The evidence presented by the State was sufficient to allow a jury to find all of the essential elements of the charged conspiracy, and the district court therefore did not err in denying Lopez's motion for judgment of acquittal. Lopez has not shown error in the district court's denial of his motion for reduction of the sentence. Accordingly, the judgment of conviction and the order denying Rule 35 relief are affirmed.

Judge PERRY and Judge GUTIERREZ concur.

NOTES

[1] The offense that Lopez was charged with conspiring to commit, is defined in I.C. § 37-2732B(a)(6) as follows:

Any person who knowingly manufactures, delivers or brings into this state, or who is knowingly in actual or constructive possession of, two (2) grams or more of heroin or any salt, isomer, or salt of an isomer thereof, or two (2) grams or more of any mixture or substance containing a detectable amount of any such substance is guilty of a felony, which felony shall be known as "trafficking in heroin."

Although trafficking in heroin may occur with the possession of as little as two grams, the State specifically alleged that Lopez had conspired to traffic in twenty-eight grams or more, an allegation which enhanced the penalty.
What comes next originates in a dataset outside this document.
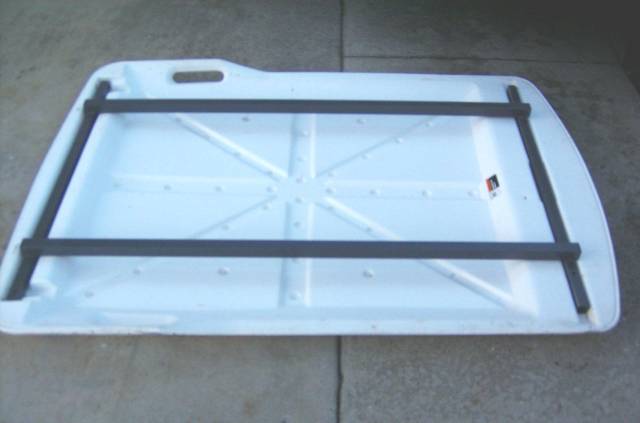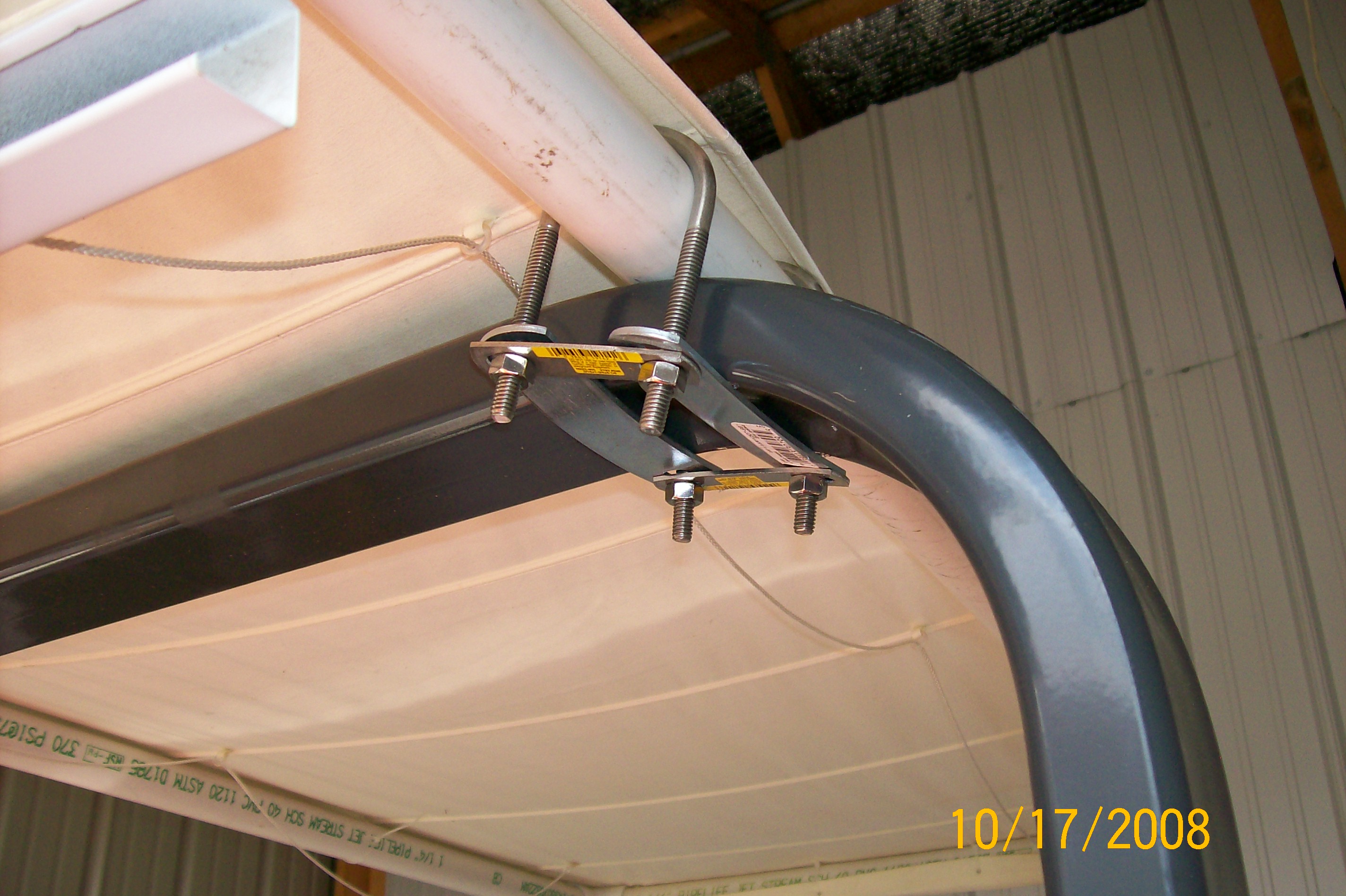 OK here are the photos that I promised. I have a total of about $85.00 in this one. That includes the cost for the tubing, tubing caps, bolts, paint, some angle for brackets and of course the poly top. I know I know it is not that cheap---but have you priced the ones from the dealer or after market shade suppliers?

The twenty-eight-gram quantity is drawn from I.C. § 37-2732B(a)(6)(C) which provides that where the quantity is twenty-eight grams or more, the mandatory minimum term of imprisonment for trafficking in heroin is fifteen years and the minimum fine is $25,000. Idaho Code § 18-1701 provides that those who are convicted of conspiracy to commit a crime are punishable in the same manner and to the same extent as is provided under Idaho law for the punishment of the completed offense.